*What you will do*
Begin with the line below holding "王其東首先對來校工作與訪問的" and go on through the line holding "во вкусе.Продукт полностью", duplicating each line exactly and leaving out pictures.

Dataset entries
====

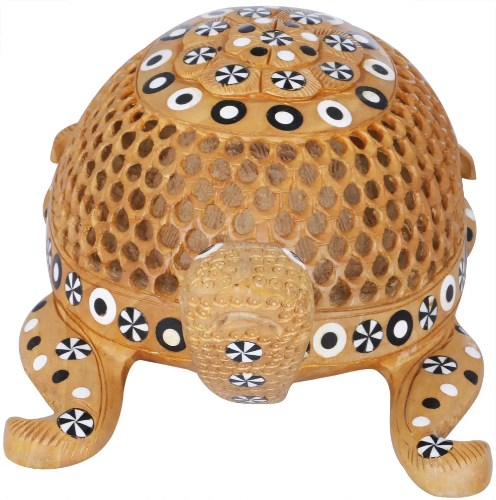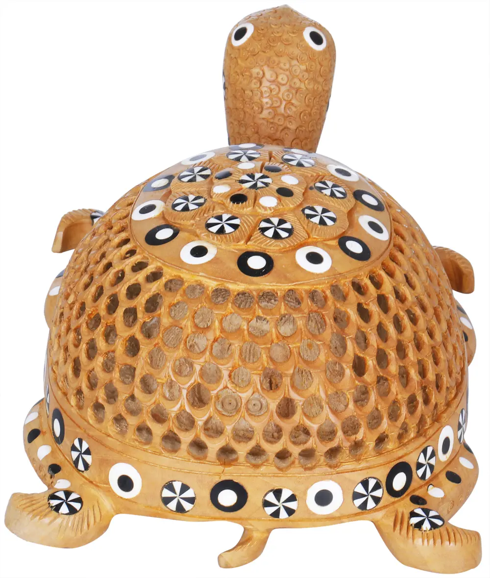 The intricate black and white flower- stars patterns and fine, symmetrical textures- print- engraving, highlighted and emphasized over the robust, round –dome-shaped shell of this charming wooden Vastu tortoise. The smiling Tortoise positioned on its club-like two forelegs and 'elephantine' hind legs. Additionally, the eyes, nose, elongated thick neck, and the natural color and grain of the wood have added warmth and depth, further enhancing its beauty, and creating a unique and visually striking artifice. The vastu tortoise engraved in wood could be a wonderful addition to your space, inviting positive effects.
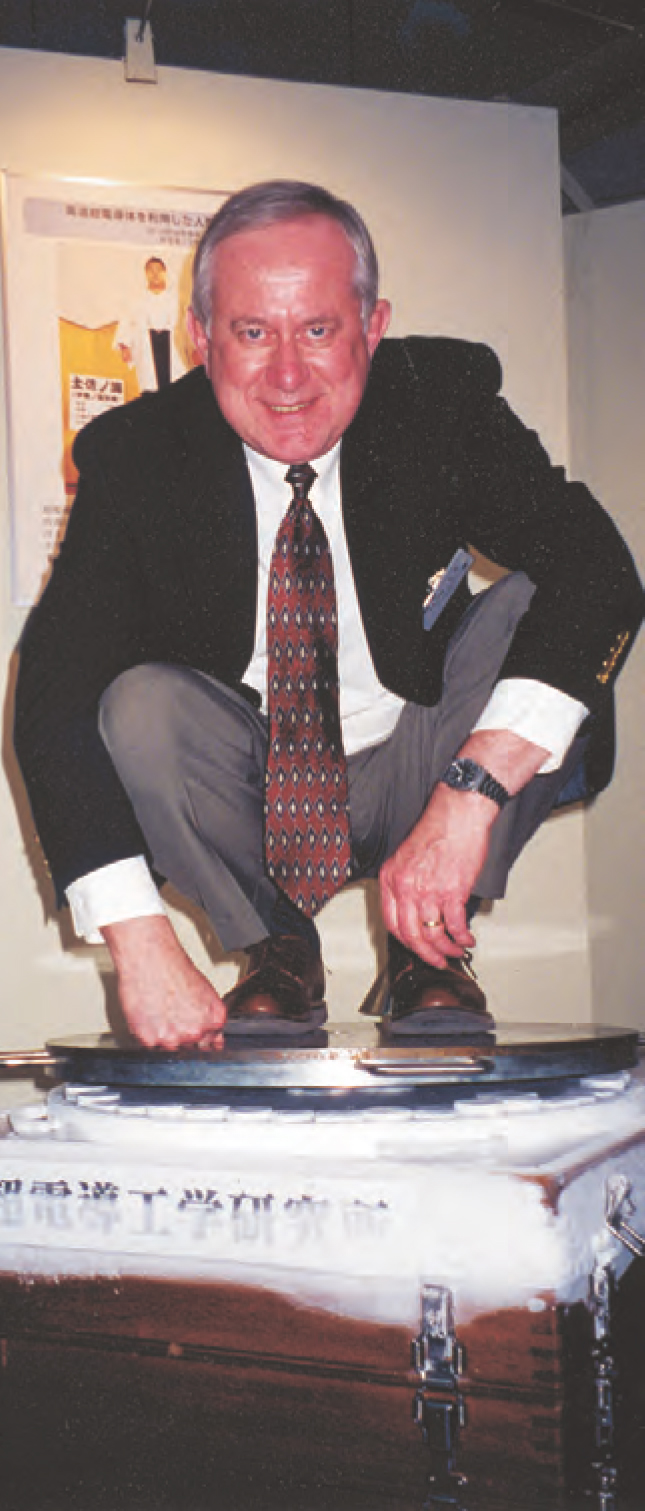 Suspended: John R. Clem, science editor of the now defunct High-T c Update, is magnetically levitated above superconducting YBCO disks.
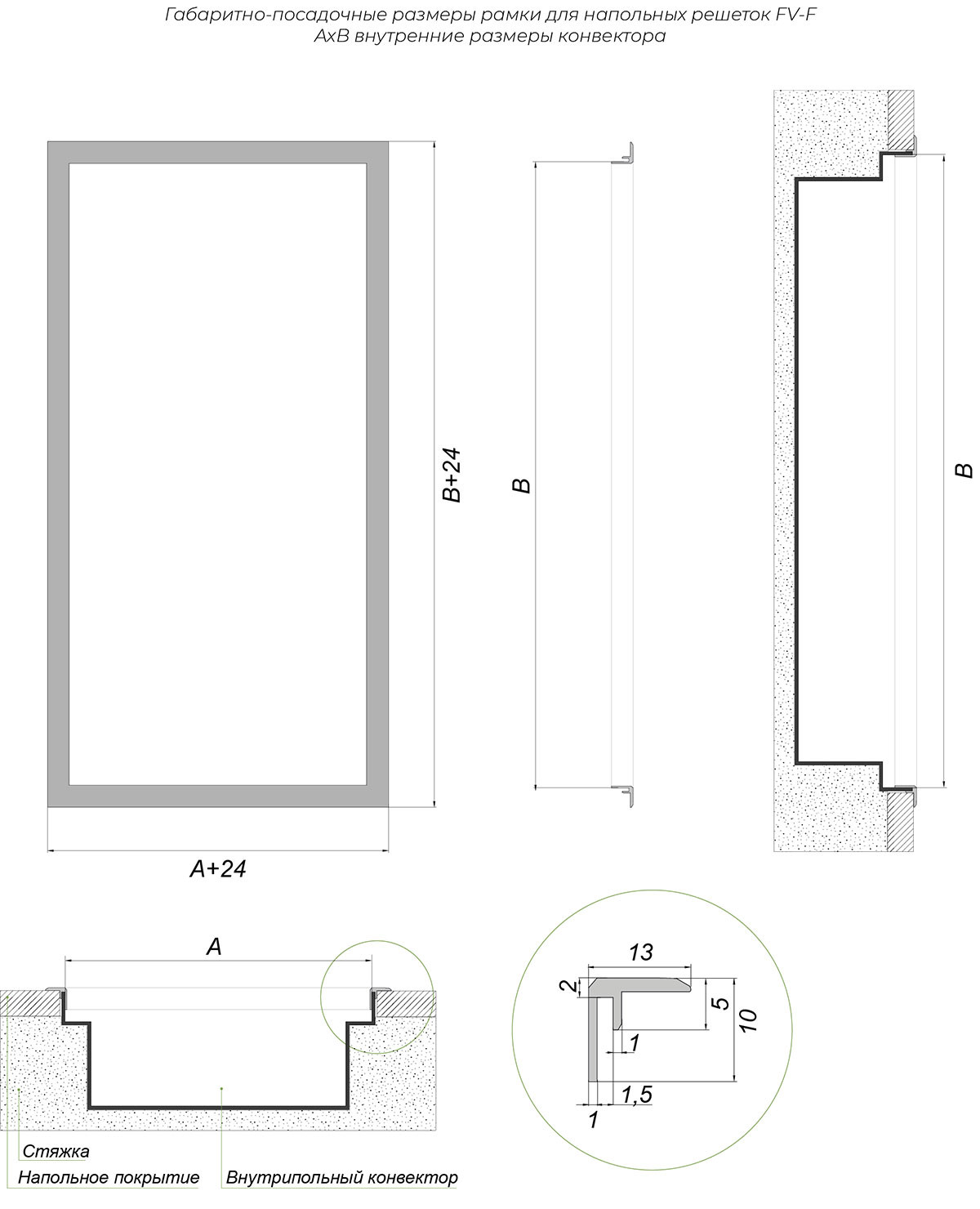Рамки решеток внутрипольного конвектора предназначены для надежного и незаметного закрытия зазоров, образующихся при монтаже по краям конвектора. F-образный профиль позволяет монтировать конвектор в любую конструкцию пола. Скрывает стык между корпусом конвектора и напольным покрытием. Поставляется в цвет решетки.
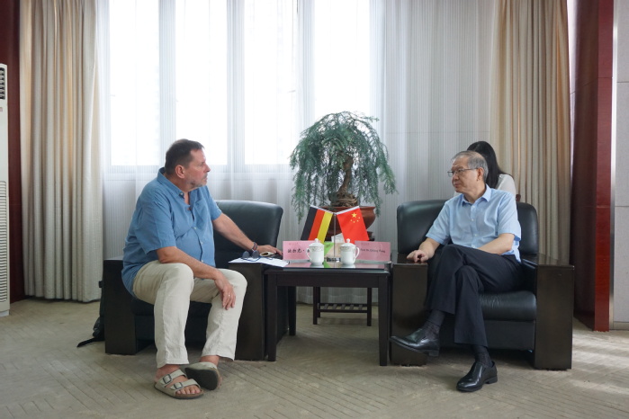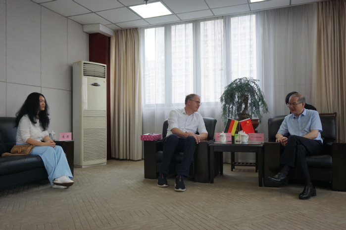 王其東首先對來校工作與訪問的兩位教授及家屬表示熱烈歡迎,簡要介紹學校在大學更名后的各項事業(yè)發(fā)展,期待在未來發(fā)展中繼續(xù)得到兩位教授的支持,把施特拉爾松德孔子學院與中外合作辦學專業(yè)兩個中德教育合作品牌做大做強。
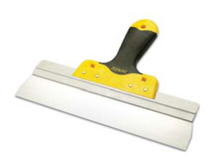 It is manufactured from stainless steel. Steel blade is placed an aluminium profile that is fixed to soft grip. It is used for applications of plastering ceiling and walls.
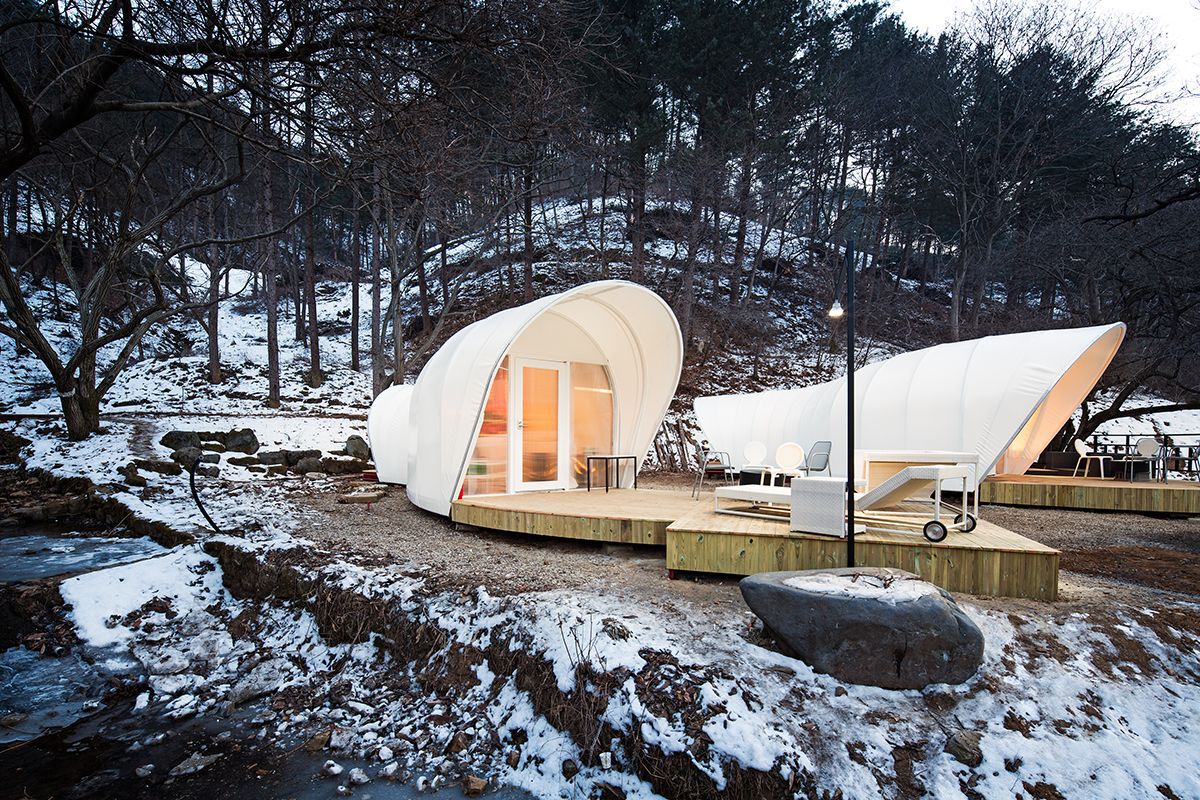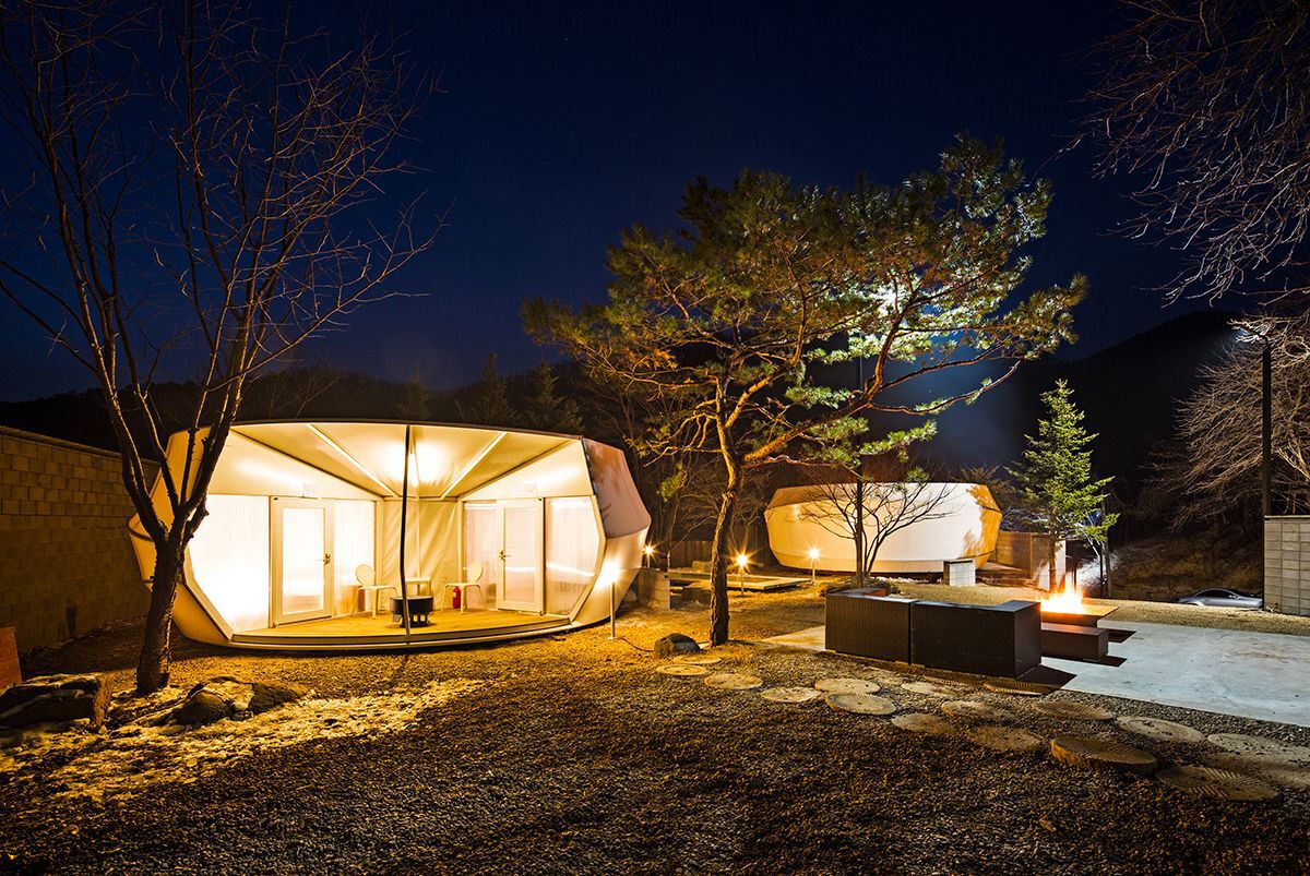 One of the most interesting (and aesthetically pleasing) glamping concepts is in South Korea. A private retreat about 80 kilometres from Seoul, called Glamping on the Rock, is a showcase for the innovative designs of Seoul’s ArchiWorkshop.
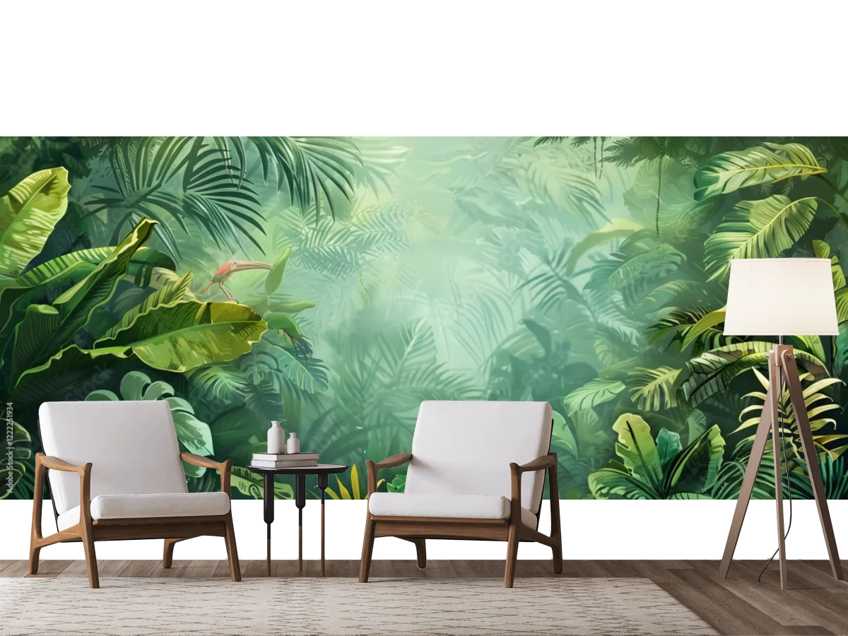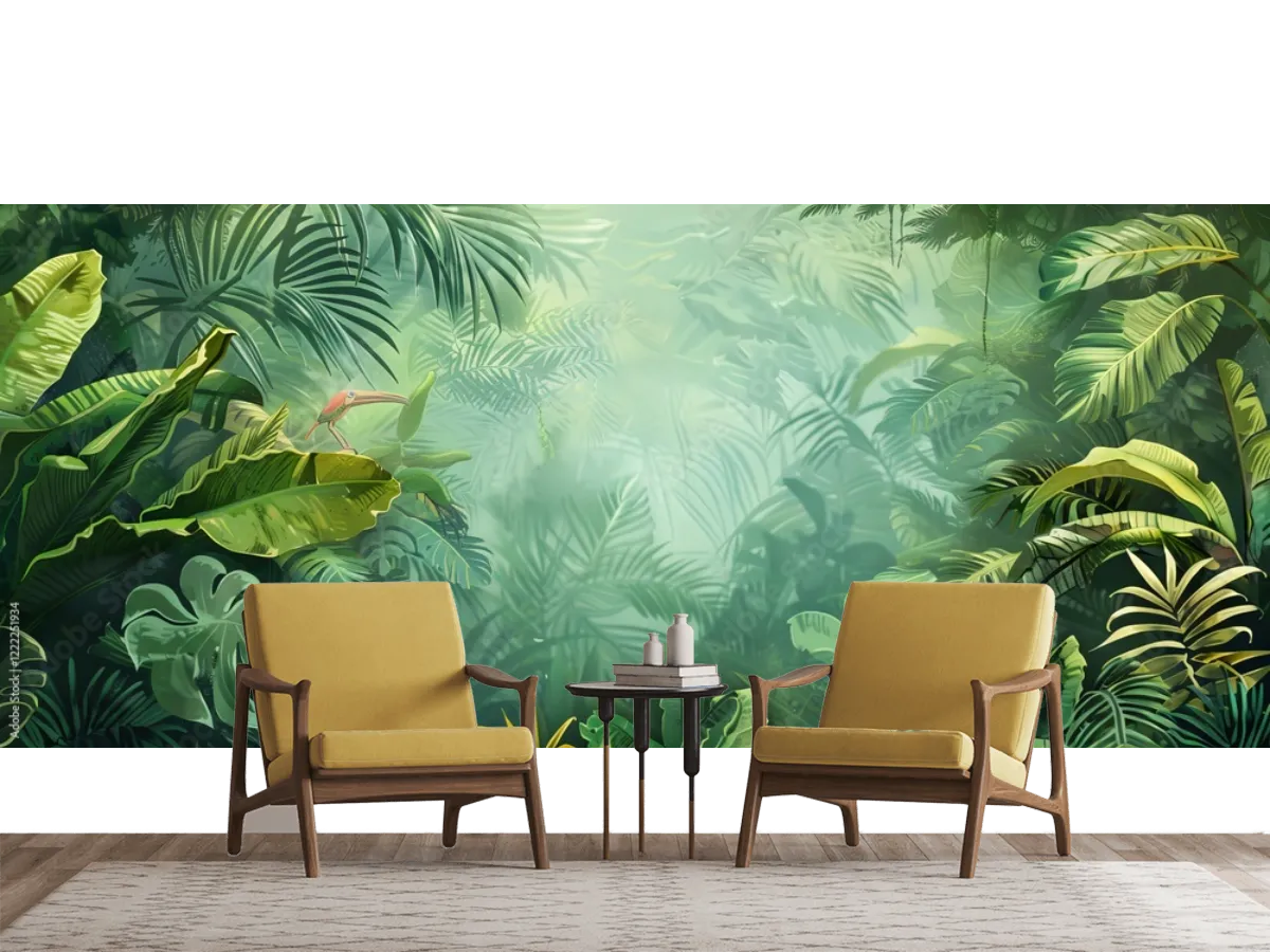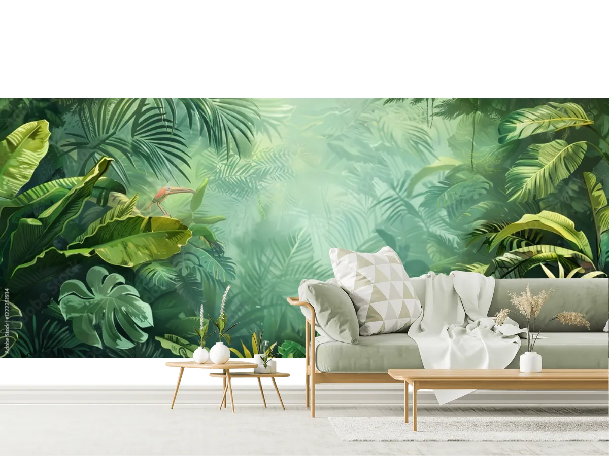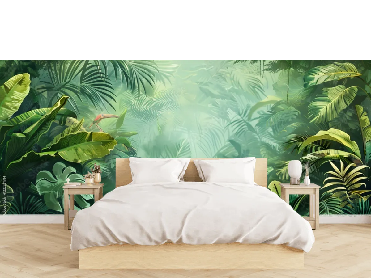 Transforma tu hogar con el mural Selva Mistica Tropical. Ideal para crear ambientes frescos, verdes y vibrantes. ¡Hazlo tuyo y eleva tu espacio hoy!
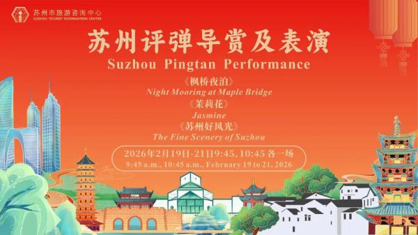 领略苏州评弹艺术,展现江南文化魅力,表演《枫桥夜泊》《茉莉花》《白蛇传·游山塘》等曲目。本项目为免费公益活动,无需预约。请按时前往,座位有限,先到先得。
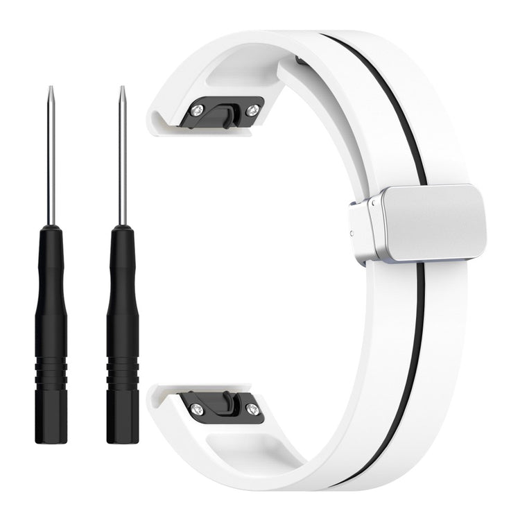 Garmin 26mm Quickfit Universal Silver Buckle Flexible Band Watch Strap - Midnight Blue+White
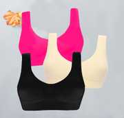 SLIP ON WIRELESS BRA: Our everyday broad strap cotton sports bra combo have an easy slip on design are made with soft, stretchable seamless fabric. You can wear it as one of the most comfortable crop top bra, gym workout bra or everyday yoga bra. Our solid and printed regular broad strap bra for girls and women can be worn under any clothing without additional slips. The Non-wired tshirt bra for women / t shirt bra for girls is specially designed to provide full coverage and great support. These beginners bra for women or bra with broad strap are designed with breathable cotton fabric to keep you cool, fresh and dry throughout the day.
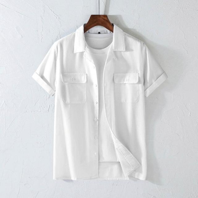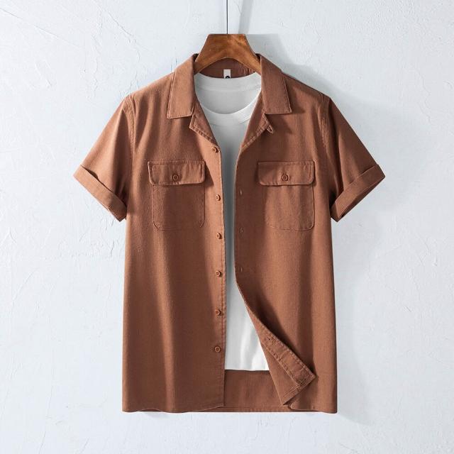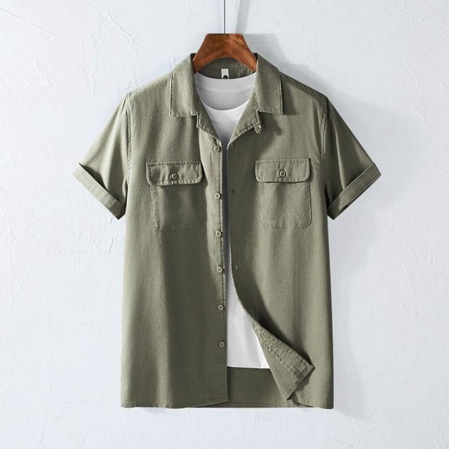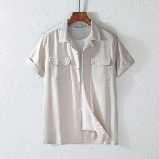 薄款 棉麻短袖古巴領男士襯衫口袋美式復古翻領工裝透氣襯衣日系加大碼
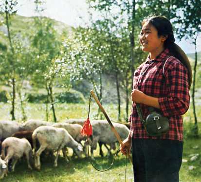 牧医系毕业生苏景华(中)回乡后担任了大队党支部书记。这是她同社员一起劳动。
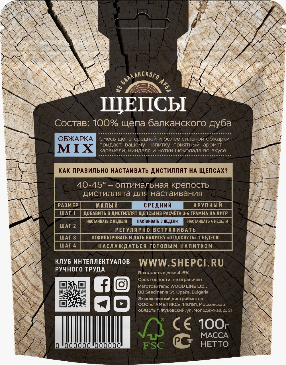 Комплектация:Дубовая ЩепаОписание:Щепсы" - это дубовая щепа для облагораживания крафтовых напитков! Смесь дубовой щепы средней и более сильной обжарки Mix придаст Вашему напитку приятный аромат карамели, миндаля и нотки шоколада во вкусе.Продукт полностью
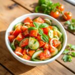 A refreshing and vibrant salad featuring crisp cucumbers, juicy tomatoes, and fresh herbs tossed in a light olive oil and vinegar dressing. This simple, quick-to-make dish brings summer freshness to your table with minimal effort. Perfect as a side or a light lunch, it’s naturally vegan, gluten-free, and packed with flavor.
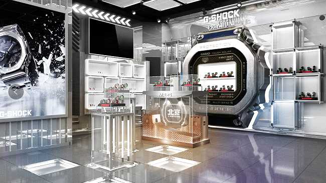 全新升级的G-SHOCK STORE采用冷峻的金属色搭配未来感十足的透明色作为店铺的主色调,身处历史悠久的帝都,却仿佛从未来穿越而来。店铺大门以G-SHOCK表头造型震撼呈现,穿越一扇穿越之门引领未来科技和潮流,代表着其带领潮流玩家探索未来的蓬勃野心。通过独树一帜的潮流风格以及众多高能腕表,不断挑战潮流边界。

====

*Task output*
 王其東首先對來校工作與訪問的兩位教授及家屬表示熱烈歡迎,簡要介紹學校在大學更名后的各項事業(yè)發(fā)展,期待在未來發(fā)展中繼續(xù)得到兩位教授的支持,把施特拉爾松德孔子學院與中外合作辦學專業(yè)兩個中德教育合作品牌做大做強。
 It is manufactured from stainless steel. Steel blade is placed an aluminium profile that is fixed to soft grip. It is used for applications of plastering ceiling and walls.
 One of the most interesting (and aesthetically pleasing) glamping concepts is in South Korea. A private retreat about 80 kilometres from Seoul, called Glamping on the Rock, is a showcase for the innovative designs of Seoul’s ArchiWorkshop.
 Transforma tu hogar con el mural Selva Mistica Tropical. Ideal para crear ambientes frescos, verdes y vibrantes. ¡Hazlo tuyo y eleva tu espacio hoy!
 领略苏州评弹艺术,展现江南文化魅力,表演《枫桥夜泊》《茉莉花》《白蛇传·游山塘》等曲目。本项目为免费公益活动,无需预约。请按时前往,座位有限,先到先得。
 Garmin 26mm Quickfit Universal Silver Buckle Flexible Band Watch Strap - Midnight Blue+White
 SLIP ON WIRELESS BRA: Our everyday broad strap cotton sports bra combo have an easy slip on design are made with soft, stretchable seamless fabric. You can wear it as one of the most comfortable crop top bra, gym workout bra or everyday yoga bra. Our solid and printed regular broad strap bra for girls and women can be worn under any clothing without additional slips. The Non-wired tshirt bra for women / t shirt bra for girls is specially designed to provide full coverage and great support. These beginners bra for women or bra with broad strap are designed with breathable cotton fabric to keep you cool, fresh and dry throughout the day.
 薄款 棉麻短袖古巴領男士襯衫口袋美式復古翻領工裝透氣襯衣日系加大碼
 牧医系毕业生苏景华(中)回乡后担任了大队党支部书记。这是她同社员一起劳动。
 Комплектация:Дубовая ЩепаОписание:Щепсы" - это дубовая щепа для облагораживания крафтовых напитков! Смесь дубовой щепы средней и более сильной обжарки Mix придаст Вашему напитку приятный аромат карамели, миндаля и нотки шоколада во вкусе.Продукт полностью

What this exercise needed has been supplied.